Tourist Agency: Tarahist,
tarahist.bahedi@caramail.com
(if the email gets moved, then email me direct and I'll pass it on).
Your only option (with flexible flight dates) is Air Algerie - they've had a crash recently (see bottom).
Tour agencies for Algeria-Niger (-Algeria), no problem.
Agencies for Libya-Algeria more complicated.
Agencies for Algeria-Libya not possible.
Sam.
(CBS) An Air Algerie jet crashed shortly after takeoff in southern Algeria on Thursday, killing 102 people on board, the airline said.
The crash of the Boeing 737 took place just minutes after the plane left Tamanrasset, in southern Algeria. The plane was headed toward the capital, Algiers.
At least one person survived the crash, airline officials said. The victims included seven French citizens, said Hamdi. The remainder of the 97 passengers, as well as the six crew members, were Algerians.

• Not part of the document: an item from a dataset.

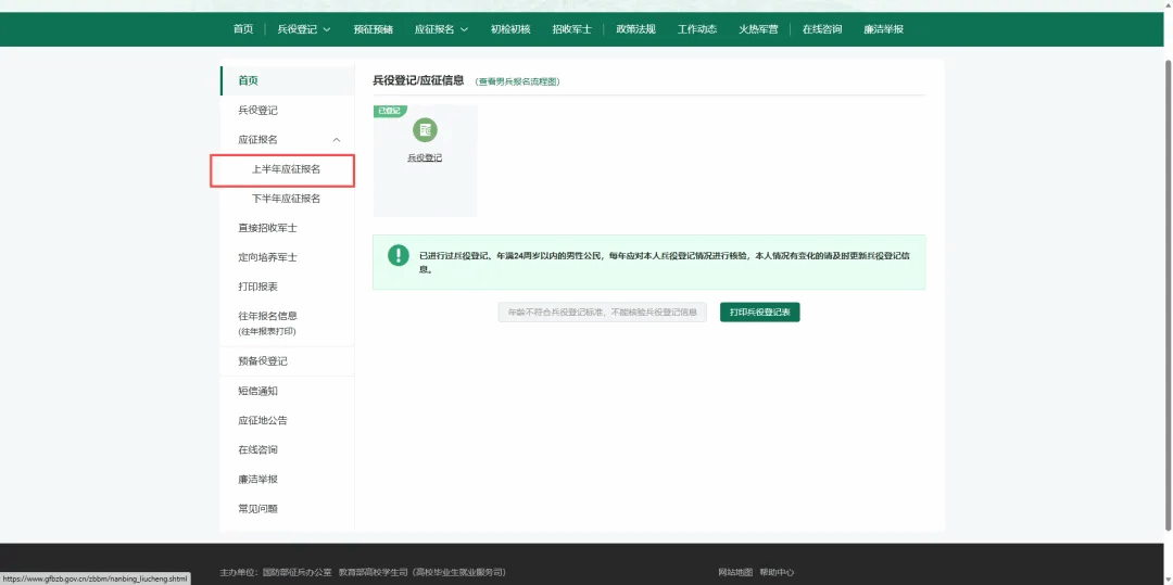1.兵役登记和报名信息修改:

Bernard Valero, a French Foreign Ministry spokesman, said it could not confirm that seven French citizens were killed. "We are continuing to check. We don't have reliable and fixed numbers," he said.
The French Foreign Ministry, which said in a statement that "close to 100 people" died in the crash, set up a crisis line for relatives of the French victims. French president, Jacques Chirac, expressed his condolences in a message to his Algerian counterpart.

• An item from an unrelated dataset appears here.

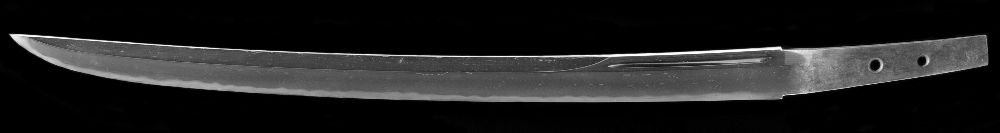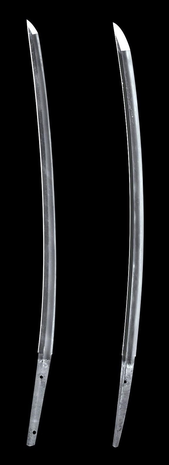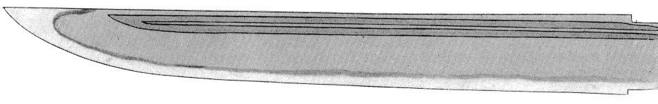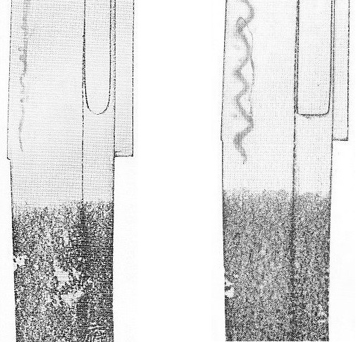 Two parallel grooves of the same thickness are called futasuji-hi (二筋樋) and appear towards the end of the Kamakura period. Thus futasuji-hi on noticeably earlier swords are probably ato-bi. Also please note that futasuji-hi were later occasionally added to blades to “underline” a certain approach. In other words, an early Nanbokuchô-style blade that showed characteristics similar to Sadamune for example could have been “enlarged” with futasuji-hi as some famous blades of this master were known for this feature. Schools and smiths known for carving futasuji-ji are: Rai Kuninaga (来国長), Nobukuni (信国), Sadamune (貞宗), Tsunahiro (綱広), Kaneuji (兼氏), the Naoe Shizu (直江志津) school, Kinjû (金重), Izumi no Kami Kanesada (和泉守兼定), Wakasa no Kami Ujifusa (若狭守氏房), the Sengo (千子) school (Muramasa [村正], Masazane [正真]), Fujishima Tomoshige (藤島友重), Inshû Kanenaga (因州兼長), for Bizen Nagamitsu (長光), Chôgi (長義), Tomomitsu (倫光), Kanemitsu (兼光), Yoshimitsu (義光), and Morikage (盛景), the Chû (中) and the Sue-Aoe (末青江) schools, Dewa no Daijô Kunimichi (出羽大掾国路), Etchû no Kami Masatoshi (越中守正俊), the Yasutsugu (康継) school, the Hôjôji (法城寺) school, Miyoshi Nagamichi (三善長道), Aizu Kanesada (兼定), Kashû Kanewaka (兼若), the Echizen-Seki (越前関) school, the Echizen-Shimosaka (越前下坂) school, the Chikuzen Nobukuni (筑前信国) school, the Fujiwara-Takada (高田) school, the Hizen Tadayoshi (忠吉) school, Mondo no Shô Masakiyo (主水正正清), Taikei Naotane (大慶直胤), Minamoto Kiyomaro (源清麿), Oku Motohira (奥元平), and Oku Mototake (奥元武).

Hamdi said 39 passengers were headed for Algiers and that 58 others were to disembark at a stop in Ghardaia.
Terrorism was not suspected, said an airline spokesman, Hamid Hamdi.
"There was a mechanical problem on takeoff," he said. "There is no element that leads us to think there was a terrorist attack."

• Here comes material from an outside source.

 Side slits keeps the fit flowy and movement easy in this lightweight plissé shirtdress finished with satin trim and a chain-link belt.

Witnesses at the Tamanrasset airport and airline officials said one of the plane's two jet engines caught fire as it was taking off.
Inexperience in dealing with airline accidents — the crash was state-run Air Algerie's first since its founding in 1953 — hampered rescue efforts, said Hamdi.
Prime Minister Ali Benflis convened an emergency crisis unit to deal with the crash, thought to be the first in the history of Algerian commercial aviation. Interior Minister Yazid Zerhouni and Transportation Minister Abdelmalek Sellal were headed to the scene.
Tamanrasset, at the base of the Hoggar Mountains, is a stop for travelers in the Sahara Desert and is known for its ancient archaeological sites and prehistoric paintings and engravings.
Tamanrasset is 800 miles south of Algiers.
Algeria, an oil- and gas-rich nation in North Africa, has been struggling to end a decade-long insurgency by Islamic militants.
Air Algeria flights to Paris were suspended for two years from the summer of 1995, after a hijacking of an Air France plane by Muslim militants.
Most international carriers stopped flights to Algeria in 1994, immediately after the plane was hijacked on Christmas Eve by the Armed Islamic Group, a radical Algerian Muslim faction. Three passengers were killed.
According to the National Transportation Safety Board, the last fatal accident involving a Boeing 737 took place in neighboring Tunisia, when 14 people died in an Egypt Air crash in Tunis.